Denmark Still Deciding on Russian-German Pipeline

BERLIN (AP) — Denmark's foreign minister Anders Samuelsen said Wednesday his country hasn't yet decided whether to allow a joint German-Russian gas pipeline to pass through its territorial waters, but suggested Moscow's continued aggression in Ukraine was making it less likely to be approved.

The Baltic Sea pipeline would bring Russian gas directly to Germany, skirting Poland and Ukraine, and has prompted criticism from them, the U.S. and others.

 Samuelsen said after meeting with German counterpart Heiko Maas in Berlin that once it's time for a final decision, the government in Copenhagen will evaluate "what is going on in Russia and the way that they treat Ukraine."

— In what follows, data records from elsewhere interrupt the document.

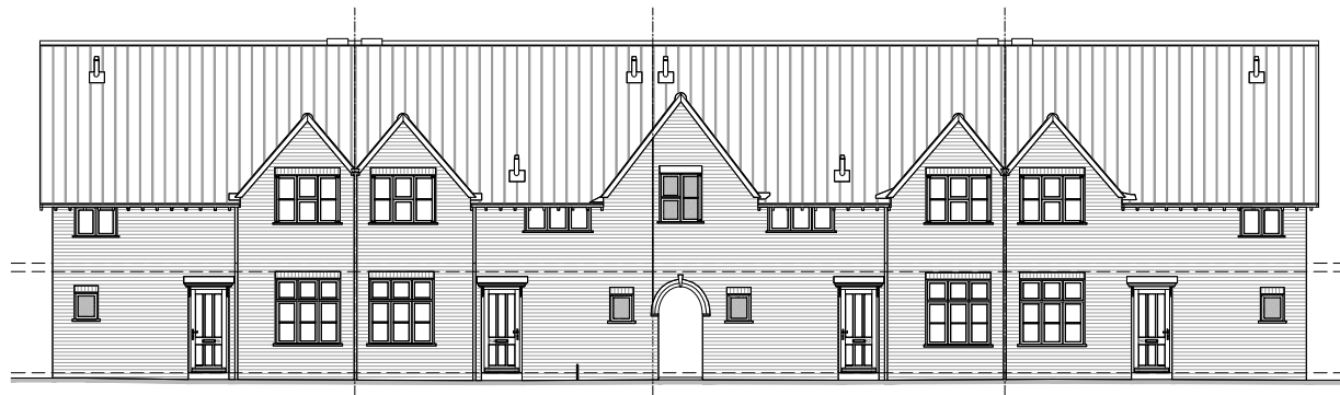
56 Chestnut Grove FRONT ELEVATION ELEVATION 5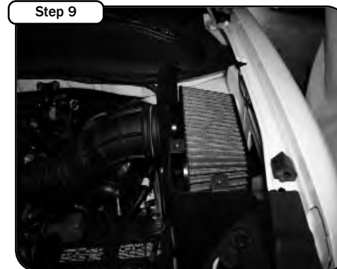
Step 9 Install intake filter into housing. Do not use any grease or oil to install air filter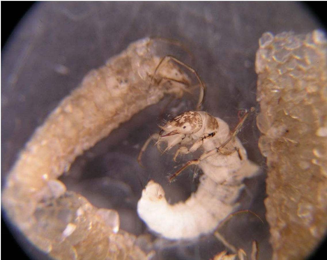
caddisfly Trichoptera Oecetis sp. C with case.

The Chironominae Polypedilum halterale group and Oligocheate tubificid worms were also the predominate taxa present in the south portion of Lake Louisa and each group comprised 30% of the total population of macroinvertebrates in the south portion of the lake. There were no pollution sensitive caddisfly species or Hexagenia mayfly species present in the south portion of the lake in 2009. The median LCI score improved from a good 38.53 in 2005 to a very good 55 in 2006 and an improved very good 60.66 in 2007. However, the score has dropped to 26.88 in 2009. The south portion of Lake Louisa appears to be especially sensitive to the amount of rainfall/ stormwater sources entering the lake. The first LCI performed in 2005, followed an extensive amount of rainfall (and three hurricanes in 2004). The heavier rainfall levels in 2004 were immediately followed by years of drought ending with the rainfall beginning in 2009. During the years of drought/ decreased stormwater inputs, the lake was able to recover somewhat in the south portion of Lake Louisa. However, the steady declining LCI scores in the north portion of the lake may indicate a trend of decline in the overall lake biota.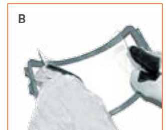
B Remove the old lens and replace it with a new lens. Clip the frame back into place!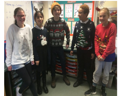
Christmas Jumper Day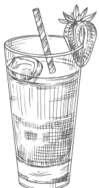
Brussels Mussels Spritz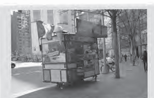
Columbus Circle (Corner of West 59th Street and Central Park West) is the permanent home to one of New York City's Waffles and Dinges Trucks. These doughy waffles go perfectly with Speculoos sauce and a rich Belgian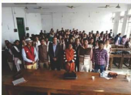
Yuva Yatra at Darbhanga College of Engineering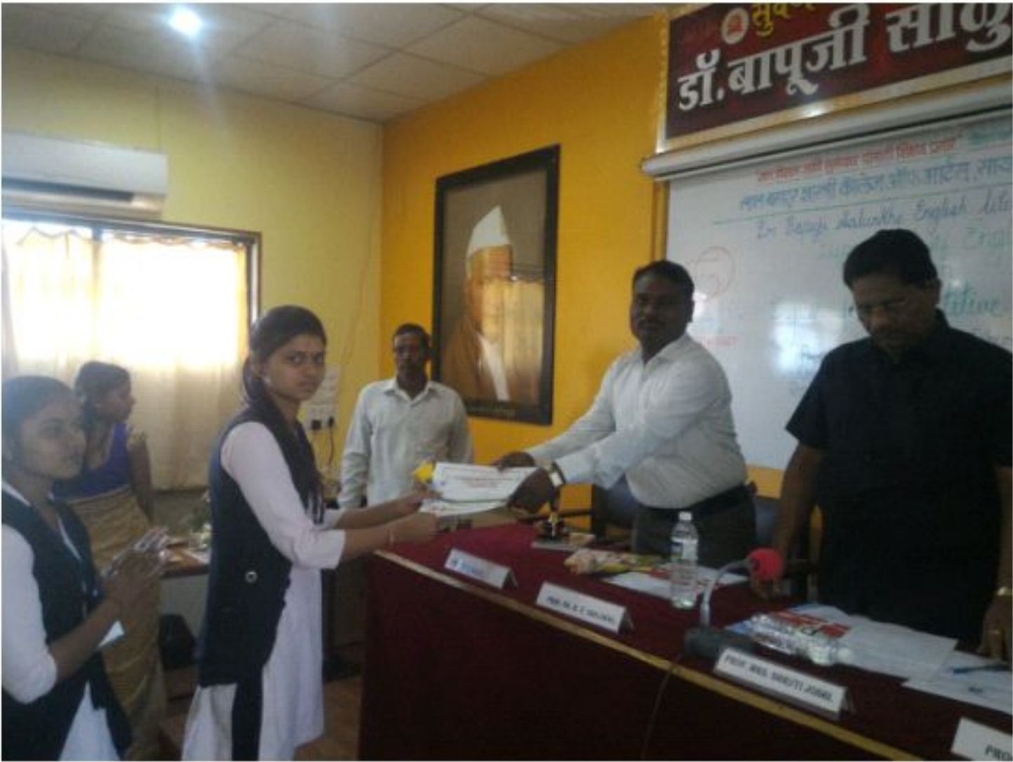
Prize Distribution of "Best of Waste Competition"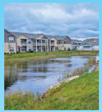
Springs at Sun Prairie Wondra Construction Inc.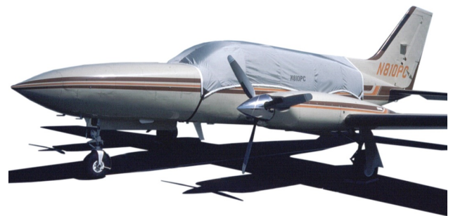
Cessna 421 Cockpit/Windshield Cover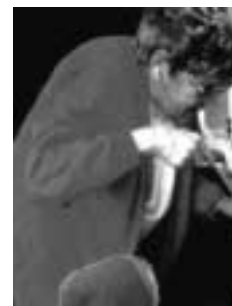
59 years of age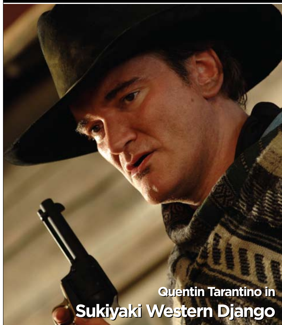
Quentin Tarantino in Sukiyaki Western Django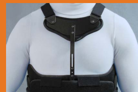
ATE / PTE with Shoulder Straps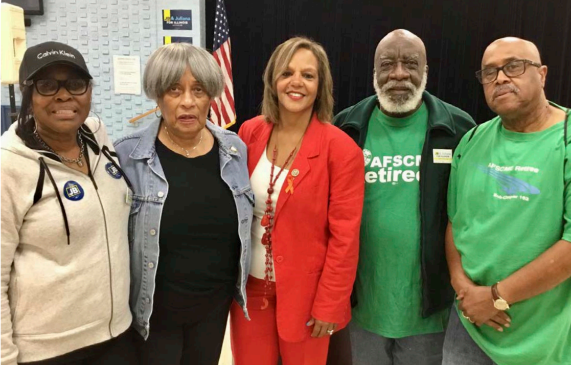
AFSCME retirees from Sub-chapter 16 (with US Rep. Robin Kelly) volunteered to get out the vote.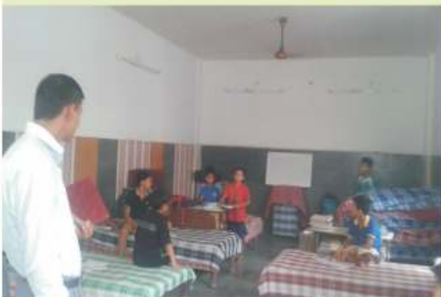
Vanvasi Kalyan Ashram, Bhiwani

With ongoing aggression, however, he said Russia is "definitely not working in the interest of Denmark in general."

Danish authorities are currently evaluating one application from Russia's state-owned Gazprom for the pipeline to go through Danish territorial waters, which includes an "assessment of environmental and safety implications as well as an assessment of the project's compatibility with Danish foreign, security and defense policy interests," according to Samuelsen's office.

A second application, proposing an alternative route that would still pass through what is called Denmark's exclusive economic zone, is being evaluated by the Danish Energy Agency.

If the routes are rejected, Gazprom would have to make alternate plans that would be more costly and delay the project.

Maas said he understood the situation was complicated, and praised Denmark for putting "precision before speed."